Sundhu, a member of the Sikh community, said after the attack the nation did not properly respond.

“At the time, our prime minister (Brian) Mulroney telephoned the Indian prime minister Rajiv Gandhi, to express his sympathy, and the reply to him from the Indian prime minister was, ‘Sir, most of the people on the flight are your people — Canadians.’ Canadians and the media, politicians, seemed to treat it as a foreign tragedy,” said Sundhu.

Sundhu, who was a sitting judge at the time of the trial in the early 2000s, noted a litany of failures in the trial, which ended in the acquittal of the defendants, including one who called Kamloops home.

“I really felt that it was a system failure from our intelligence agencies, to the police and our justice system. A great many Canadians felt that even the outcome of the trial was a travesty of justice. Now that’s how our system works — we have protections for accused persons. But I believe at the time there was a poll that 70 per cent of Canadians had lost faith in the judicial system,” recalled Sundhu.

In the recent poll from Angus Reid, only one out of five Canadians surveyed said they were aware the incident was the worst act of terrorism in the country’s history, and more than half of those under age 35 said they had never even heard of the bombing at all.
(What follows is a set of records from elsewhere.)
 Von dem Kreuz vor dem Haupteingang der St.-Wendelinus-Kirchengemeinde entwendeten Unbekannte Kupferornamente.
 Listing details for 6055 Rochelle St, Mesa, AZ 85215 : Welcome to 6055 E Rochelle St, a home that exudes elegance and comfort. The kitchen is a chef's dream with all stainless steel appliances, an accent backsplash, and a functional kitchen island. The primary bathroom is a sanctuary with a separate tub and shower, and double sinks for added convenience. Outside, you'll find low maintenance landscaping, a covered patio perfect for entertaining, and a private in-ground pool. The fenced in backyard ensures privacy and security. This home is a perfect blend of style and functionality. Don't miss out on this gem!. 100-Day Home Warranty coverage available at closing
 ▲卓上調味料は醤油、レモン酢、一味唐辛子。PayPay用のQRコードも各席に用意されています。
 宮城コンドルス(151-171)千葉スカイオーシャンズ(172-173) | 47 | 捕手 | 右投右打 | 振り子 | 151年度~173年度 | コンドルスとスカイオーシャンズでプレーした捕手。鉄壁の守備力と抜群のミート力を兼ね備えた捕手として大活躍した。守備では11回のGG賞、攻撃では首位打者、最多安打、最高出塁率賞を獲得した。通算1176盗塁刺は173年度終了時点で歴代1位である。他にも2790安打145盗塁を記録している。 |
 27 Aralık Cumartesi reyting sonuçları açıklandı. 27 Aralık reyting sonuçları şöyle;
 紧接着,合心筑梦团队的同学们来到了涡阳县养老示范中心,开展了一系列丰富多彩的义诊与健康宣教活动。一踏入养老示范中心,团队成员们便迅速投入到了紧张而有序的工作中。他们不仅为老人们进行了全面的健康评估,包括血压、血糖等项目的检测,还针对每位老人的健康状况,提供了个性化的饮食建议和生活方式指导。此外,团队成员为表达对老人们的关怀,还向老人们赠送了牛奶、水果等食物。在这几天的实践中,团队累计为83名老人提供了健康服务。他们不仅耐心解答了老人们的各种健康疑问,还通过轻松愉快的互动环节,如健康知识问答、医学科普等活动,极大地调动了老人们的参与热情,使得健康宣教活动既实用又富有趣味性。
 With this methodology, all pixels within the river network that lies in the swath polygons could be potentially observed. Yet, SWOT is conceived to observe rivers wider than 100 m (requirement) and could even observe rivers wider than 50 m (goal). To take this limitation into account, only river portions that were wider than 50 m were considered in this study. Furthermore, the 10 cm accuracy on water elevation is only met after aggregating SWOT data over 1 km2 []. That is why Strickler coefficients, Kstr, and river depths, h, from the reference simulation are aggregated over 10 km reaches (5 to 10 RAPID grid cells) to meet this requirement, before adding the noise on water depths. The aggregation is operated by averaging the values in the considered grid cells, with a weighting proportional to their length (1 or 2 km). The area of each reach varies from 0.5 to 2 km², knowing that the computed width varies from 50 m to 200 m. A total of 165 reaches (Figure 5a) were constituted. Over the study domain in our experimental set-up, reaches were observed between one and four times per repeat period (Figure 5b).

“These kinds of things need to be in our education curriculums just as we honour our war dead who fought in the great wars, Korean war, Afghanistan and so forth, our peace-keeping history. We need to recognize that this, the Komagata Maru, the Air India bombing, they are part of our history. The struggles, the losses, and also the victories we have in this country. It’s about being truthful,” said Sundhu.

The message that Sundhu hopes Canadians will take with them on today’s sombre anniversary is one of compassion and understanding that the country needs to learns from it’s past.
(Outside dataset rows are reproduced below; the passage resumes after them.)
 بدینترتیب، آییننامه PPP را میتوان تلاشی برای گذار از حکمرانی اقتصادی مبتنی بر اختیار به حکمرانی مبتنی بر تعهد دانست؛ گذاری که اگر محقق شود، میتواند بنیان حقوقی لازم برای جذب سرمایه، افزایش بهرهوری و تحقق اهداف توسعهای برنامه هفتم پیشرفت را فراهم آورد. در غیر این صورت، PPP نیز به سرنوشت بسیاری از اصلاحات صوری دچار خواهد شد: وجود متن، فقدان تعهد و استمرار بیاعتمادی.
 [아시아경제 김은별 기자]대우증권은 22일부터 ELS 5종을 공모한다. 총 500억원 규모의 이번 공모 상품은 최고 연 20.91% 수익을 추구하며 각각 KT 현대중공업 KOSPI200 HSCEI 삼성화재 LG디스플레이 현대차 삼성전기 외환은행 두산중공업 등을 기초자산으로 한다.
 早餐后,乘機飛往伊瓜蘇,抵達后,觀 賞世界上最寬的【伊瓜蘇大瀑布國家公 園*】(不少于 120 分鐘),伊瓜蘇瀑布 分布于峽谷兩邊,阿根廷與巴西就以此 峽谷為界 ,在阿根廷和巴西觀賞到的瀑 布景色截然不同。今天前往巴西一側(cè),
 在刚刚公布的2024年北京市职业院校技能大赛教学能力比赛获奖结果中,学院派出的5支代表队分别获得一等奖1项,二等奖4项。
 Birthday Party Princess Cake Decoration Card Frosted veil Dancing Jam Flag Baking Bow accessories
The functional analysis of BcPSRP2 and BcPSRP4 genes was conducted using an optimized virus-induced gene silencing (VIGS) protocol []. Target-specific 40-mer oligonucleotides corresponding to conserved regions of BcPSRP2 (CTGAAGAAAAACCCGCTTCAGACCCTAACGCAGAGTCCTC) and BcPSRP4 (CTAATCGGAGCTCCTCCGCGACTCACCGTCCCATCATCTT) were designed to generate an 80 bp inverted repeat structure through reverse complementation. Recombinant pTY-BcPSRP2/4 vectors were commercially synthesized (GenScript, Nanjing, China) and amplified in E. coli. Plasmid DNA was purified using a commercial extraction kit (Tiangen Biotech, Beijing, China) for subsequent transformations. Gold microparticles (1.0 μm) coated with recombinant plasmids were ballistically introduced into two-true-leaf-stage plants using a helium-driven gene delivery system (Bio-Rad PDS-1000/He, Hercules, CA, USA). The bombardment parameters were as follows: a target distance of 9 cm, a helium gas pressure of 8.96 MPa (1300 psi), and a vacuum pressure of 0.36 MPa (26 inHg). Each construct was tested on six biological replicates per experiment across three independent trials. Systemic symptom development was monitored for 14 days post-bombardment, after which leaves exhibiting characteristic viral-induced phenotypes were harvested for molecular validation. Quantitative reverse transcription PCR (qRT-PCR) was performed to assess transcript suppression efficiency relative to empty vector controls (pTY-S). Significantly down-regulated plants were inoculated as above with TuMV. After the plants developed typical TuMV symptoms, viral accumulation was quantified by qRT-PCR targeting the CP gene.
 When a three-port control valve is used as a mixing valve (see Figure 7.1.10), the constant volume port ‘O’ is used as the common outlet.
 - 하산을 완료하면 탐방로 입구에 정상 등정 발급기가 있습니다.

“My concern would be, have we really learned the lessons? Because no country is immune to the potentiality of serious mass crime and acts of terrorism. We live in a global world, we live in a multicultural society and so the lesson that we ought to have learned, I think we need to take them seriously,” said Sundhu. “But most importantly is commemorate and recognize this as a Canadian tragedy.”